The DSEFS prompt identifies the current working directory in DSEFS:
  • dsefs / > is the default directory
  • dsefs /dir2 > is the current working directory dir2
chgrp [options] group path Change file or directory group ownership.
  • -r, -R recursively changes the file and directory group ownership.
  • -v explains in more detail what is being done.
  • group the new group name.
  • path the file or directory whose group will be changed. The path may contain wildcards.
chmod [options] octal permission mode path Change the permissions of a file or directory.
  • -r, -R recursively changes the file and directory permissions.
  • -v explains in more detail what is being done.
  • octal permission mode octal representation of permission mode for owner, group, and others.
  • path the file or directory whose permissions will be changed. The path may contain wildcards.
chown [options] path Change files or directories ownership and/or group ownership.
  • -r, -R recursively changes the file and directory ownership.
  • -v explains in more detail what is being done.
  • -u, --user username the new owner username.
  • -g, --group group the new group owner name.
  • path the file or directory whose ownership will be changed. The path may contain wildcards.
cp [options] source destination Copies a file within a file system or between two file systems. If the destination path points to a different file system than DSEFS, the block size and redundancy options are ignored.
  • -o, --overwrite overwrite the destination file if it exists.
  • -b, --block-size value The preferred block size in bytes.
  • --force-fsync forces synchronization of the file data to the storage devices, regardless of the value of the --force-sync flag of its parent directory. The value of the --force-sync flag of a file or directory can be displayed with stat. This option applies to a directory's files, not the directory itself, similar to behavior of block size or compression options. It can be applied during directory creation so that files in the directory will inherit the option.

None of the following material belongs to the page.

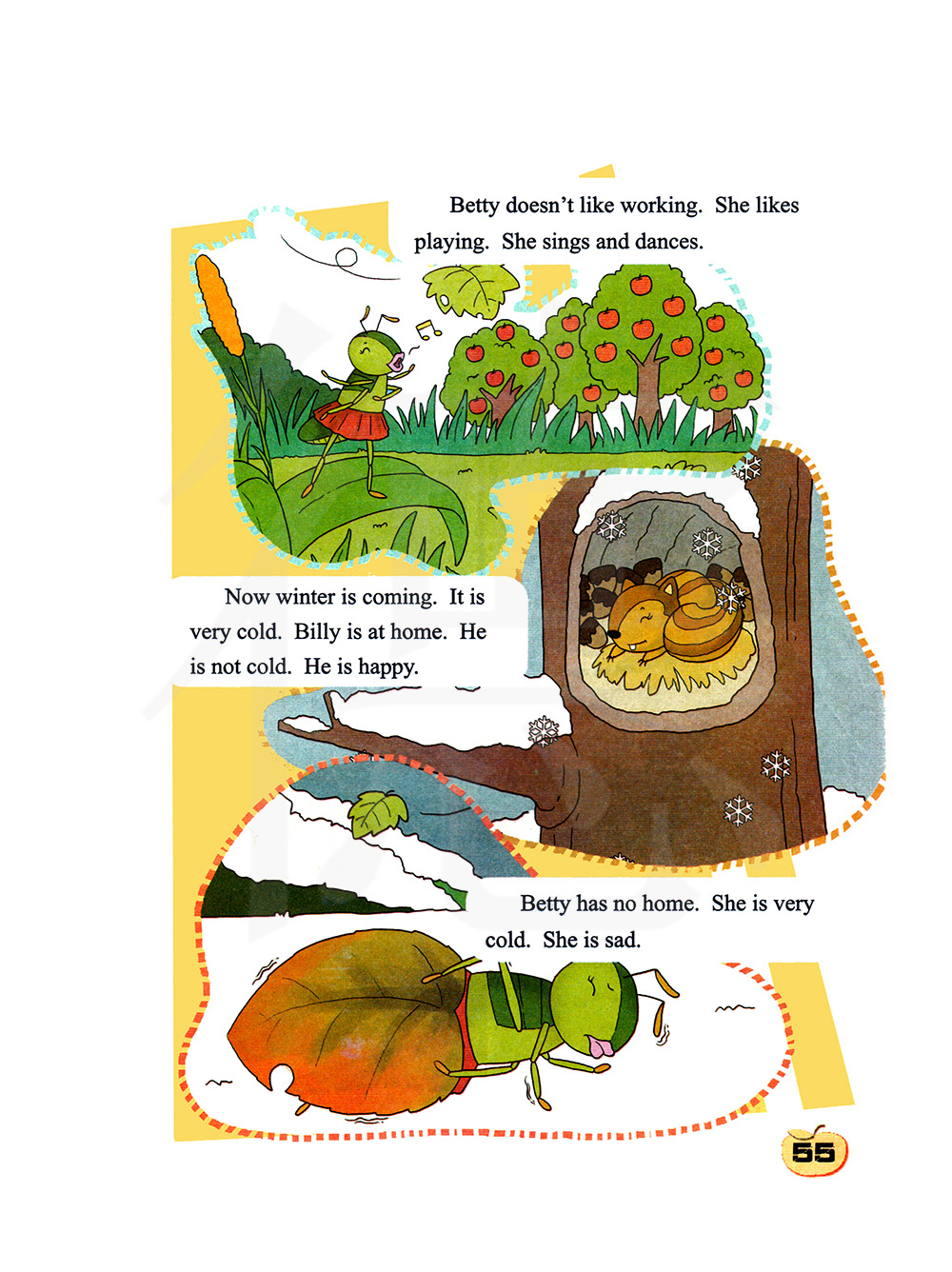 现在冬天来了。天气很冷。比利在家。他不冷。他很高兴。

  • --no-force-fsync causes the blocks of data to be written only to the buffers of the operating system, and syncing them to the storage device is then left to the operating system. Using --no-force-fsync improves latency and performance at the cost of durability. If a power loss occurs before writing the data to the storage device, you may lose data. Use --no-force-fsync only if you have a reliable backup power supply in your datacenter and failure of all replicas is unlikely, or if you can afford losing file data.

    Using the --no-force-fsync flag on a directory will by default make any new files created in this directory as if the --no-force-fsync flag was given when creating the files.

  • -n, --redundancy-factor num_nodes is how many replicas of the file data to create in DSEFS. This redundancy factor is similar to the replication factor in the database keyspaces, but is more granular. Set this value to one number greater than the number of nodes that are allowed to fail before data loss occurs. For example, set this value to 3 to allow 2 nodes to fail. For simple replication, you can use a value that is equivalent to the replication factor.
  • source the source file to be copied. The path may contain wildcards.
  • destination the destination file to be created.
df [options] List the DSEFS file system status and disk space usage.
  • -h to list the sizes in human-readable format. Sizes are rounded to three significant places and presented using units:
    • K (for a kilobyte = 1024 bytes),
    • M (for a megabyte = 1024K),
    • G (for a gigabyte = 1024M),
    • T (for a terabyte = 1024G)
    Without this option sizes are printed in bytes.
echo Outputs a line of text to display the quoted strings it is being passed as a single argument:
echo "some text"  
Output a line of text to display the strings it is being passed as multiple arguments:
echo Getting a file  
exit Exit the DSEFS shell client. You can also type Ctrl+D to exit the shell.
fsck Perform a file system consistency check and repair file system errors.
get source destination Get a file from the DSEFS remote file system and copy the file to the local file system.
  • source is the path to the DSEFS remote file to copy.
  • destination is the path to the local file to create.
ls [options] [file_system_entry_or_entries] List the DSEFS file system entries (files or directories) in the current working directory.
  • -R to list subdirectories recursively.
  • -l to use a long listing format with metadata.
  • -h to list the sizes in human-readable format. Sizes are rounded to three significant places and presented using units:
    • K (for a kilobyte = 1024 bytes),
    • M (for a megabyte = 1024K),
    • G (for a gigabyte = 1024M),
    • T (for a terabyte = 1024G)
    Without this option sizes are printed in bytes.
  • -1 limits the number of printed columns to one, so one file is printed per line. This allows the output to more easily be parsed by external tools.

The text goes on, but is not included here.